Das Artikelbild ist von wilco737 (CC BY-NC-ND 2.0)

Hackerangriff?

Vorgestern hab ich was verpasst. Irgendwann abends erfuhr ich nebenbei, dass Online und Offline wegen eines „Hackerangriffs“ quasi übergekocht waren. Vielleicht war es also gut, dass ich nicht dabei war; vor allem, als ich dann versuchte, mich ein wenig zu informieren. Zum Glück stieß ich schnell auf einen besonnenen Artikel, denn – Spoiler – es war wohl gar kein Hackerangriff.

Aber das ist natürlich zu kompliziert und Medien sprechen weiter von „Hackern“, der Hashtag kursiert auch weiter und mich – denn ich mache ja was mit Computern – fragen Menschen nach einer Einschätzung.

Und die lautet in Kurzform: Verdammte Hacke, lernt endlich Eure Computer zu benutzen.

Und in lang: Lest Euch mal durch Clients from hell. Da gibts immer wieder mal Artikel die lustig sind, weil Kunden glauben, Computer (und die Menschen, die beruflich dran sitzen) seien allmächtig. Mensche, die mit mir sprechen glauben das ebenfalls oft.
Ich muss Euch was sagen, was Euch nicht gefallen wird:
a) Wir sind nicht allmächtig.
b) Wir sind allmächtig.

Ich erklärs mal:
Wir sind nicht allmächtig: Wir können in Photoshop nicht das Gesicht einer Person in ein Foto zaubern, wenn die Person sich weggedreht hat. Wir können nicht in ein Satellitenbild von Google hineinzoomen und schauen, wer bei Euch im Garten sitzt. Und wir Euch können nicht mal eben einen Studentenausweis drucken. Wir können nicht in dem Zeitraum „eine Firewall hacken“, den es braucht „oh, eine Firewall – bin drin!“ zu sagen.
Wir benutzen nur ein paar Programme und wir sind keine Hacker, sondern Grafiker oder Programmierer und das alles ist Hollywood-Kacke und wenn Ihr glaubt, das alles geht, dann zeigt das vor allem, dass Ihr nicht den Hauch einer Ahnung habt.

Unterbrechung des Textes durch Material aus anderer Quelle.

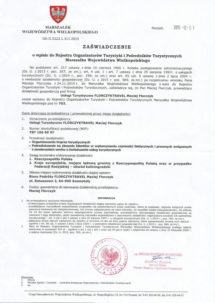 tel. +48-61-29-26-183,kom. +48-609-651-086,biuro@florczyktravel.euul. Ratuszowa 9, 64-500 Szamotuły

Wir sind allmächtig: Wir professionelle Anwender können es nicht, aber wer es möchte kann vermutlich in weit über neunzig Prozent der weltweit laufenden Rechner-Systeme einbrechen. Das ist harte Arbeit, die meist lange Vorbereitungszeiten und einen hohen Grad an krimineller Energie braucht.

Aber: In weitaus mehr der privaten Rechner kommt man rein. Viel einfacher. Und wisst Ihr warum das so einfach ist?
Weil ihr Euch nicht kümmert. Weil man Euch vorgaukelt, man müsse sich nicht kümmern. Weil Ihr als Passwort 12345 oder qwertz oder ficken oder den Namen Eurer Kinder benutzt und weil das immer noch geht. Weil Ihr keine Updates macht. Weil Ihr den bequemsten und nicht den sichersten Messenger benutzt und keine Mails verschlüsselt. Weil Ihr jeden lustigen Film aus jeder dummen Messenger-Gruppe anguckt und sofort an alle anderen weiter schickt und jedes dämliche Quiz bei Facebook anklickt. Weil Euch $5 im Monat für einen Passwortmanager zu teuer sind. Weil Ihr nach 25 Jahren immer noch nicht begriffen habt, was An, CC und BCC bedeuten.
Weil. Ihr. Euch. Nicht. Kümmert.

Und auch weil man Euch vorgegaukelt wird, dafür seien Computer da und so könne man sie benutzen.

Ihr habt Angst vor Hackern, aber kein Problem damit, in jedem Raum ein Mikrofon zu haben, das Eure Gespräche mit hört – weil es ja so supi bequem ist, „Alexa, spiel Helene Fischer“ zu sagen, statt das Telefon aus der Tasche zu nehmen und dreimal zu tippen.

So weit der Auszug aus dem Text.